* [Assignment] Please transcribe the data below in full, word for word, without the images.

* [Recorded information]
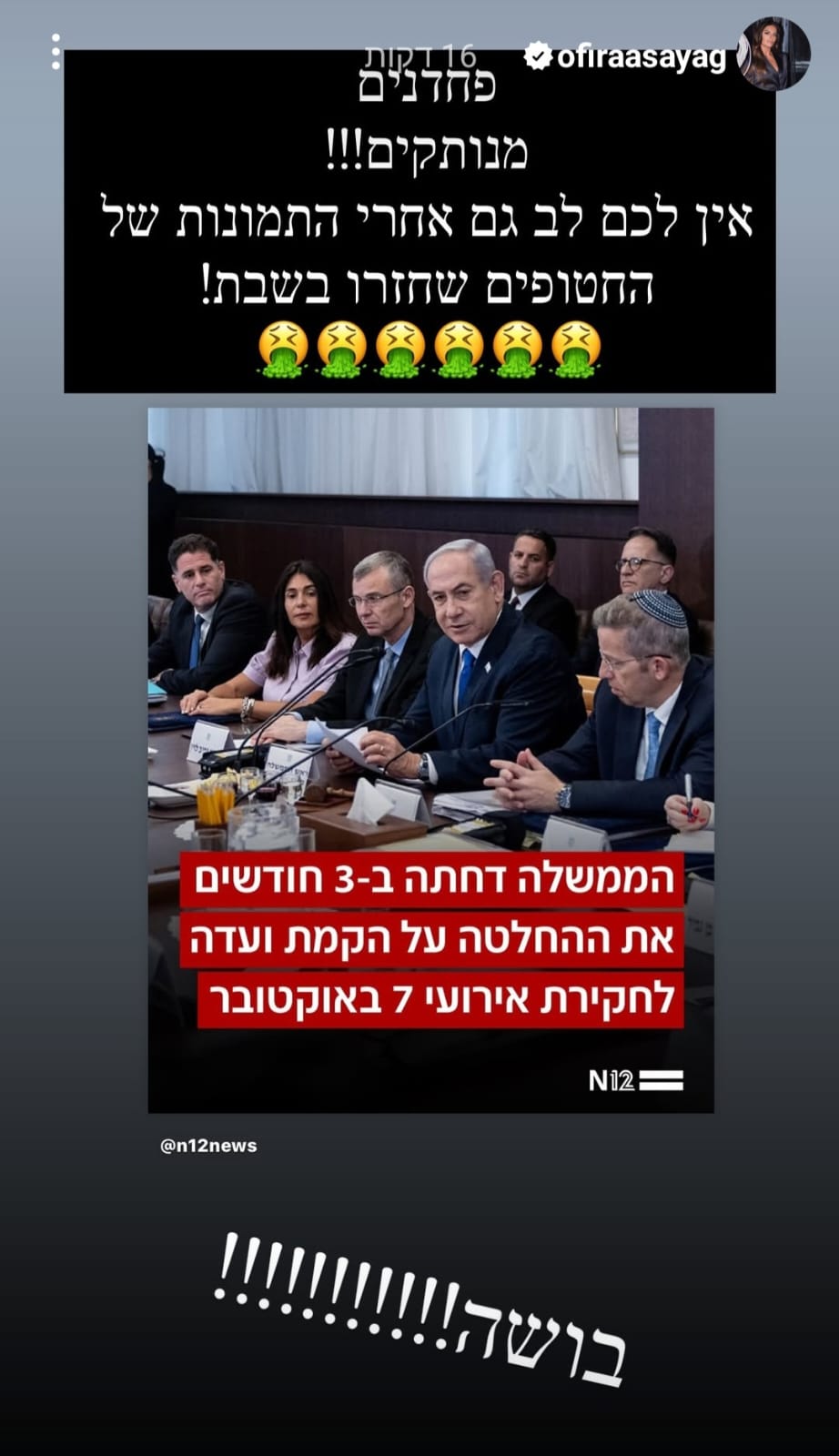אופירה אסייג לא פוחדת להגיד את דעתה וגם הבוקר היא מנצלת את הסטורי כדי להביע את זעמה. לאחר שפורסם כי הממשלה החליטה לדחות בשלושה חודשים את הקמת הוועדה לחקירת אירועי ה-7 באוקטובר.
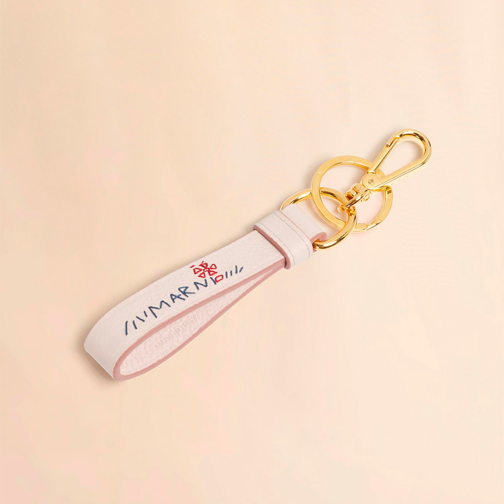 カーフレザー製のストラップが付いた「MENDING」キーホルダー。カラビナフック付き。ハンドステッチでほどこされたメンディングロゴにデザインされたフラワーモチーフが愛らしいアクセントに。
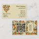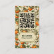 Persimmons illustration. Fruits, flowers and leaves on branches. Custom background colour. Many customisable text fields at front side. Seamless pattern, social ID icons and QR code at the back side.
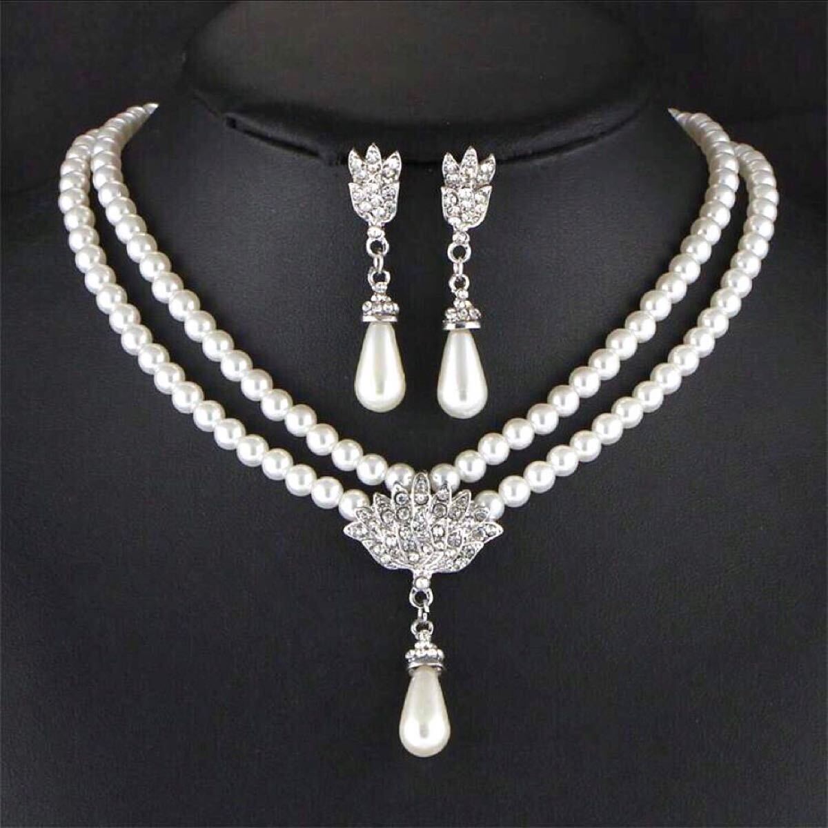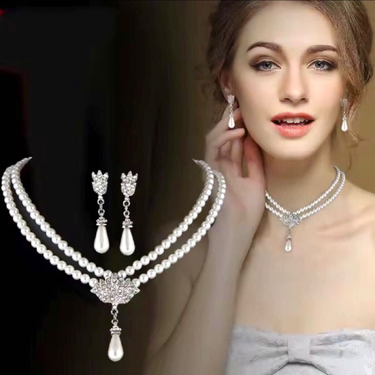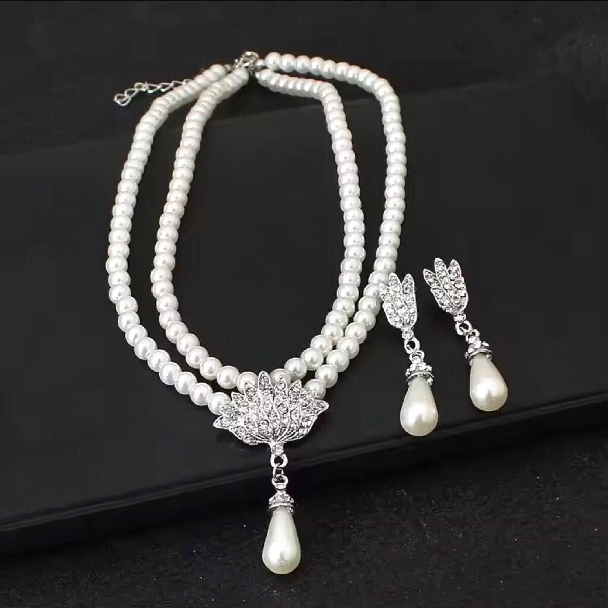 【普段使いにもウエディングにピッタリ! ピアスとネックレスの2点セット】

* [Task output]
אופירה אסייג לא פוחדת להגיד את דעתה וגם הבוקר היא מנצלת את הסטורי כדי להביע את זעמה. לאחר שפורסם כי הממשלה החליטה לדחות בשלושה חודשים את הקמת הוועדה לחקירת אירועי ה-7 באוקטובר.
 カーフレザー製のストラップが付いた「MENDING」キーホルダー。カラビナフック付き。ハンドステッチでほどこされたメンディングロゴにデザインされたフラワーモチーフが愛らしいアクセントに。
 Persimmons illustration. Fruits, flowers and leaves on branches. Custom background colour. Many customisable text fields at front side. Seamless pattern, social ID icons and QR code at the back side.
 【普段使いにもウエディングにピッタリ! ピアスとネックレスの2点セット】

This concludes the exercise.